I attended a meeting yesterday of a group that has been meeting for some time, but to which I was a newcomer. There was one person at the meeting who I have known for some time. She was the one who invited me to participate. The others were people I was meeting for the first time. We met for an hour and a half in a room with flexible seating. For our meeting the chairs were arranged in a circle. There was a clock on the wall that was in easy sight for some of the members of the group. It was behind me, however, and so I didn’t look at it. I had no responsibility to keep time during the meeting. I had consulted my watch to choose what time to leave home, had made an accurate guess of how long it would take to get to the meeting through city traffic, and had arrived at the venue a few minutes early which allowed me to inquire about the specific location of the meeting room within the building and arrive before the meeting began. Our time was quite interesting to me. I was challenged by some of the ideas that were being shared and listened intently to the others as they spoke. I participated by sharing some of my ideas as well.

In the afternoon, having returned home after the meeting, I went for a walk around our neighborhood and as i was walking I was reflecting on the meeting. For me the hour and a half went by quickly. I wasn’t feeling any pressure. I didn’t have any other appointments in the day. I could have lingered another hour if needed. But I also wan’t responsible for keeping time. When I teach a class or lead a group I am constantly consulting my watch or a clock to make sure that the group is stying on task and we complete our work while respecting the time of the participants. In our meeting yesterday the group leader was constantly referring to the clock on the wall and also to her phone which displays a clock. She referred to both several times during the meeting at one point questioning the accuracy of the clock on the wall and later commenting that it seemed to be keeping time quite well. While time wasn’t the main focus of the meeting, there were several timed activities. We engaged in directed work for ten minute blocks and then resumed plenary action after those blocks.

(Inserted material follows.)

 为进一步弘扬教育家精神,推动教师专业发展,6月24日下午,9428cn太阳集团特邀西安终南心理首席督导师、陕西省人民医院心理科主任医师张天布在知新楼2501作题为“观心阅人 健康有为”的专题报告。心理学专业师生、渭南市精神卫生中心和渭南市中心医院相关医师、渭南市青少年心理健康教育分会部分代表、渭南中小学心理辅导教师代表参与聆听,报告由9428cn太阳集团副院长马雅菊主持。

Sitting with my back to the clock and feeling no need to consult my watch during the meeting, I suspect that my perception of time was a bit different from the group leader. I didn’t care if the meeting ended on time. How different that experience was from some of my school days when I was much younger. In our elementary school there were clocks at the front of each classroom. It was the opposite of yesterday’s meeting. The students all faced the clock and could easily read it. The teacher sat with their back to the clock and had to turn around to consult it. In our school the clocks were mechanical with second hands that swept at a steady pace. The minute hands, however, advanced with a jerk as the second hand reached 12. In addition the clocks had a feature that synchronized all of the clocks in the school. At the top of each hour an individual classroom clock might skip one or two minutes to start the new hour in sync with the other clocks in the school. The feature could also make the clock say at one minute before the hour for more than a minute if it had been running fast.

There were many days when I obsessed over those clocks, paying attention to little else. I tried to will the time to pass more quickly, eager to have the classroom time end so I could get outside and play. Sometimes it seemed as if time itself slowed at five minutes to the time to get out of school for the day.

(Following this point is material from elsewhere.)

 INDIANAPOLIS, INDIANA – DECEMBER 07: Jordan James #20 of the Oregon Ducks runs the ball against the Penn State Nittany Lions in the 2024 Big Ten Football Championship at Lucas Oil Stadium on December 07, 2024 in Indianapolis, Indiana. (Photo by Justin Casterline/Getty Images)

I am fascinated by the perception of time. I know that it changes as we age. I’ve often used the example of the passage of time in relation to a person’s lifespan. Two of our grandsons share the same birthday in early February. The younger one will turn three. For him, the next birthday will be 1/3 of his lifetime away. The older one will turn 14, so his next birthday is a much small fraction, only 1/14 of his lifetime away. And for me the time between my next birthday and the following one will be only 1/72 of a lifetime, an extremely small fraction compared to the children.

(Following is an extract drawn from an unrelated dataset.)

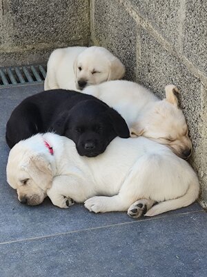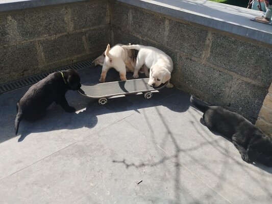 Il nous reste trois chiots, en attente d'information suite à une visite ce vendredi, 2 mâles Labrador (un beige et un noir) et une femelle beige avec le pedigree srsh. Ils sont nés le 28 février 2026.

The perception of time, however, is much more complex than just that. I’m pretty sure that our youngest grandson doesn’t process time in a linear fashion, at least not the way I think of time. If I announce that when we finish dinner we will clear the dishes and I will clean up in the kitchen, then we will play a game, and after the game we will read a story, and then after the story we can have some ice cream for dessert, his mind will go directly to the ice cream. He will come into the kitchen while I’m washing dishes, grab my leg and pull me toward the freezer reminding me that I promised ice cream. He will interrupt the game to ask for ice cream. He will want to skip the story, even if it is one he has had me read over and over at some times to campaign for ice cream now. I saw a linear progression of several events. He focused on ice cream. For me the time between dinner and desert passed quickly. For him, it seemed to pass more slowly.

Consider how our perception of time changes with perspective. I remember some nights when we had an infant in our home and I was awake in the middle of the night trying to soothe a fussy baby. Sometimes it seemed like it took forever to get the child back to sleep. Now, decades later, it seems like the time of infants in our house went by so quickly. It was just a flash and then it was over.

Our natural timepiece, our heartbeat varies with age. We use that rhythm to affect our sense of the passage of time. Human heart rate tends to reach its peak speed months after birth and then slowly declines as we age. My heart beats slower than that of my ice cream obsessed grandson. He has to wait more heartbeats than I to get to dessert.

I certainly don’t fully understand the passage of time. It leaves me with the question of the song by Chicago that was recorded in 1969: “Does Anybody Really Know What Time it is?”